Dawn frowned at her. "You don't remember?"
Buffy tried to jog her memory. "Your birthday party?"
"The… bathroom."
"Oh. Oh!" Buffy got it. Kind of. Not really. "But what does that have to do with Homecoming? We'll take care of this weird possession demon, that shouldn't have to interfere with your social life. Especially not with the cute basketball hunk."

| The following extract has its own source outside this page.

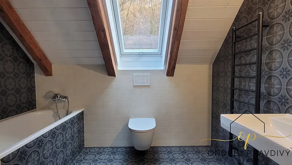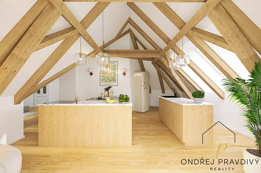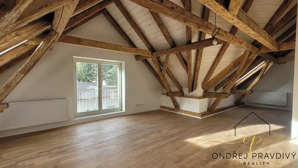 Byt se nachází v posledním 3. nadzemním podlaží a po kompletní přestavbě se může pyšnit nadstandardní kvalitou provedení a použitých materiálů. Provedení zahrnuje dřevěné plovoucí podlahy, dřevěná euro okna s trojskly, designové dlažby a nadčasové obklady. Značková sanita firem Laufen a Hansgrohe. Dále jsou datové rozvody, příprava na zabezpečení a elektromobilitu. Díky zateplení celého domu i vlastnímu kondenzačnímu kotli pro vytápění a ohřev vody budou provozní náklady skutečně příznivé. Převažující orientace na jiho-západ zajišťuje dostatek slunečního světla a stropy s přiznaným trámovím zase útulný pocit s puncem historie. Příslušenství bytu zahrnuje do zeleně orientovaný balkón, vlastní parkovací stání a prostorný sklep 11 m² na jakékoliv sportovní či sezónní vybavení. Další úložné prostory jsou v půdě nad bytem.

Dawn sobbed again, holding up the material of the dress to her face.
"Dawn?" Buffy reached out and stroked her sister's shoulder. "Tell me what's going on."
"You don't understand, do you?" she asked through her tears. "Buffy, the bathroom. I was there. I know what happened."
Buffy was struggling to catch up to her sister's thought process, but to no avail. "Dawn," she said carefully, "What happened there was terrible and I'm so sorry that you had to know about it. But it was between me and Spike—it doesn't have anything to do with you."
"It has everything to do with me," Dawn argued. "I wasn't just acting it out. It was like it was me. I felt everything he felt. And everything he did to you. And…" she took a deep breath. "Everything you did to him."
Oh, God, no. She yanked her hand away from her sister. "Everything?" Buffy asked in a small voice, dreading the worst.
"No, not details, or any pictures or anything, just… feelings, emotions… Everything he must have been thinking about at the time." Dawn shook her head. "You didn't know that was a part of it?"
"No." Buffy shook her head. "It, the possession thing, hasn't happened to me. At least not yet. I mean, Xander said it was pretty intense, but…"
"Yeah, that's the word for it." Dawn looked back down at the ragged material of her dress, fingering it intently.
"I really am sorry you had to go through that. You, of all people, shouldn't have had to. I'd do anything to take it away," Buffy said.
Dawn nodded. "I know, but… it's too late… and now I know."
"Know what?"
She looked upwards, her watery eyes meeting Buffy's. "What people do to each other."